Кладовка - [16]
«Дальнейшее сопротивление признано начальством бессмысленным. Капитуляция вступит в силу в эту ночь. Это конец».
Потом в совсем осенний, почти уже зимний день в церкви Благовещения у Никитских ворот отпевали тех, кого называли юнкерами.
Родители вернулись с похорон скучные. Мама, сидя в столовой, раскладывала пасьянс, что-то про себя думала, морщила лоб.
Между тем жизнь в приарбатье шла по-прежнему. Политика политикой, власть там такая или другая — это одно, а жизнь жизнью, и неохотно в течение этой зимы умирала старая жизнь Арбата.
Бывшие собственники огромных компаний, заводов, фабрик, магазинов и даже лавчонок стали теперь директорами, ограниченными рабочим контролем.

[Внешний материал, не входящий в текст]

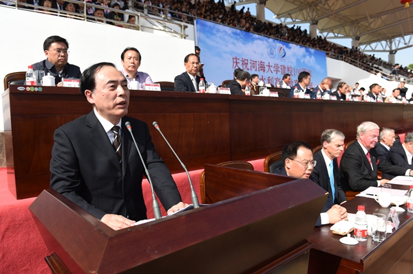 杜占元副部长代表教育部讲话。他指出,河海大学作为中国现代水利教育的先驱者和开拓者,成就了水利学科在全国的领先地位和卓越声望,发展成为水利高层次人才培养的摇篮和水利科技创新的重要基地,为促进水利事业的繁荣发展和国家富强、民族振兴做出了重要贡献。他希望河海大学在新的征程中,继续把自身发展融入到中国特色社会主义事业的伟大实践中,融入到国家治水兴水的历史洪流中,深入开展创新创业教育改革,培养造就大批具有社会责任感、创新精神和实践能力的一流人才;大力推进协同创新,紧密结合世界“一流大学”、“一流学科”建设,聚焦国家水安全面临的重大需求和水科学国际前沿,实现科技创新能力的新突破;努力提升社会服务水平,主动发挥知识密集,人才聚集的优势,为“一带一路”、长江经济带、海洋强国等国家重大战略以及区域经济社会发展提供坚强支撑。今后,教育部将一如既往地关心、重视和支持河海大学的建设与发展,推动河海大学事业发展迈上新的台阶。

И опять в столовой на красном диване сидит какая-то гостья и говорит:
«Вы понимаете, эта новая власть не может сама справиться. Сергей Сергеевич по-прежнему ведет все дела. Ну конечно, не совсем по-прежнему. Но мы им нужны, они не могут обойтись без нас».
Мама молчит, внимательно слушает.
Теперь изредка стали появляться уже бывшие помещики, такие, которые и зиму и лето жили в деревне в своем гнезде. Новые обстоятельства сделали их пребывание там нежелательным, пришлось уехать кто куда, и вот многие из них — в Москве. Выбитые из привычного уклада жизни, чувствуют они себя неуверенно и конфузливо.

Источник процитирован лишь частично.